• **What to do**
Can you transcribe the data exactly? Leave the pictures out.

• **Given information**
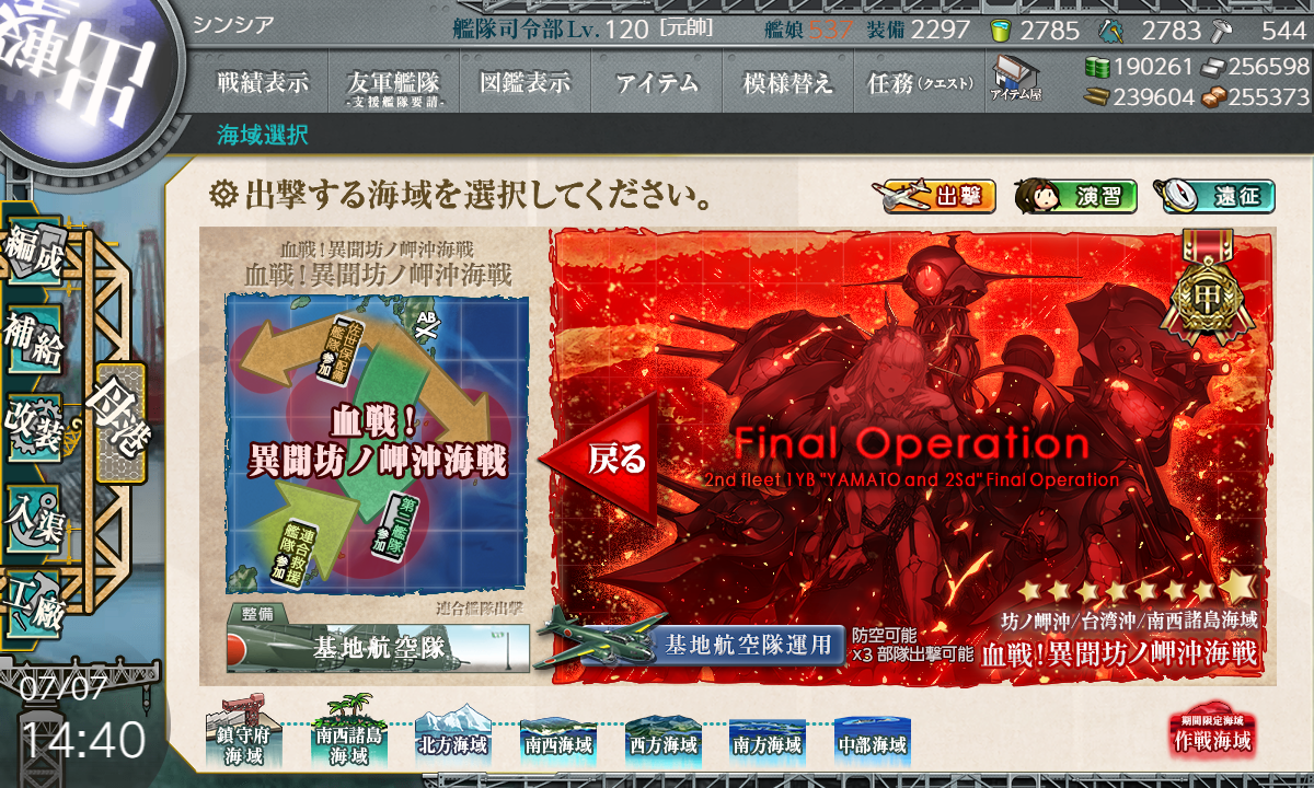 【QQ2WY1YY2Z1Z2Z】(W:潜水 Y1:空襲 Y:通常 Y2:空襲 Z1:通常 Z2:泊地 Z:ボス)
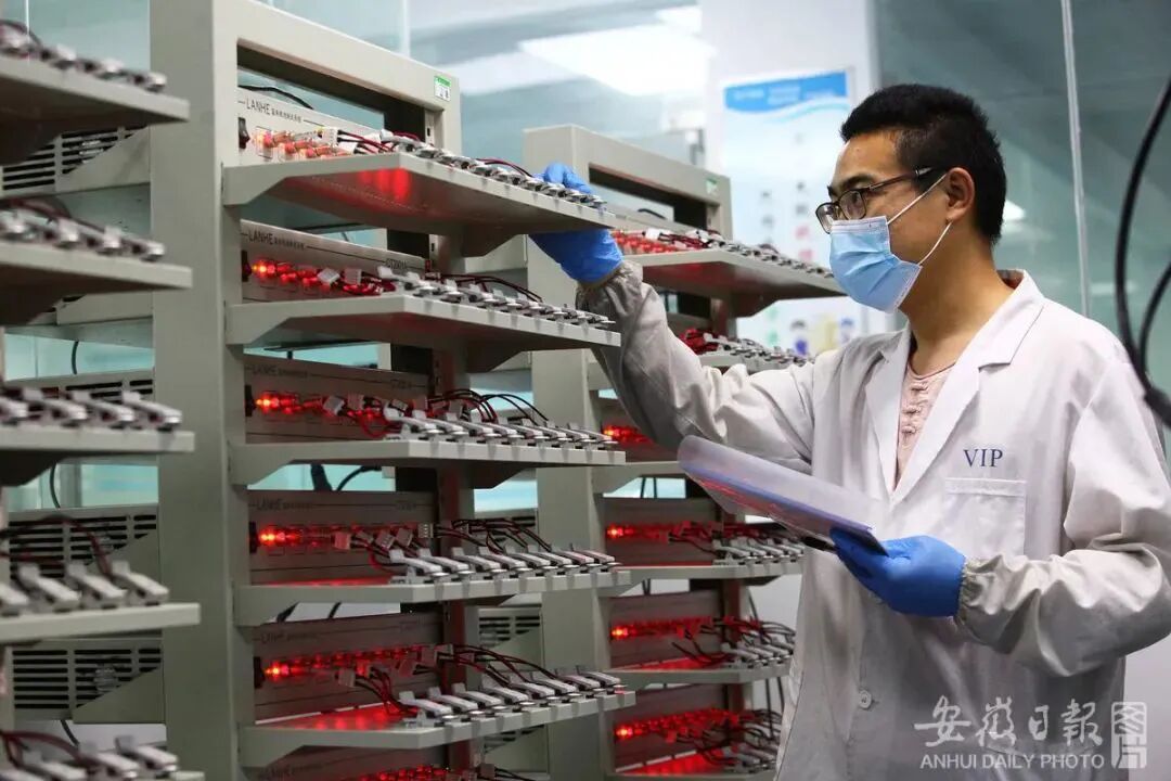 ? 5月12日,當涂經開區安徽科達新材料有限公司職工在檢測生產的鋰電池負極材料性能。王文生/攝
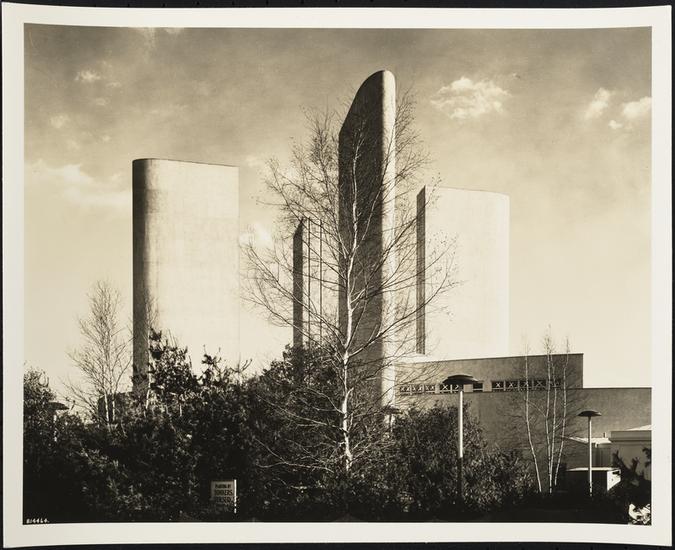 [Detail of the Gas Industries building at night, New York World's Fair.]
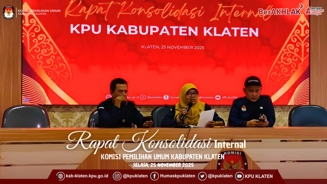 KLATEN - #temanpemilih KPU Klaten menggelar rapat konsolidasi internal pada Selasa (25/11). Rapat dipimpin oleh Sekretaris KPU Klaten dan diikuti oleh para Kepala Subbagian beserta seluruh pegawai sekretariat. Dalam rapat tersebut, Sekretaris memimpin penyelarasan agenda kerja antar-subbag untuk memastikan seluruh program berjalan dengan arah yang sama. Masing-masing kasubag memaparkan perkembangan kegiatan, menyampaikan kebutuhan dukungan, serta melaporkan hasil evaluasi dari agenda yang telah dilaksanakan pada minggu sebelumnya.

• **Response to this exercise**
 【QQ2WY1YY2Z1Z2Z】(W:潜水 Y1:空襲 Y:通常 Y2:空襲 Z1:通常 Z2:泊地 Z:ボス)
 ? 5月12日,當涂經開區安徽科達新材料有限公司職工在檢測生產的鋰電池負極材料性能。王文生/攝
 [Detail of the Gas Industries building at night, New York World's Fair.]
 KLATEN - #temanpemilih KPU Klaten menggelar rapat konsolidasi internal pada Selasa (25/11). Rapat dipimpin oleh Sekretaris KPU Klaten dan diikuti oleh para Kepala Subbagian beserta seluruh pegawai sekretariat. Dalam rapat tersebut, Sekretaris memimpin penyelarasan agenda kerja antar-subbag untuk memastikan seluruh program berjalan dengan arah yang sama. Masing-masing kasubag memaparkan perkembangan kegiatan, menyampaikan kebutuhan dukungan, serta melaporkan hasil evaluasi dari agenda yang telah dilaksanakan pada minggu sebelumnya.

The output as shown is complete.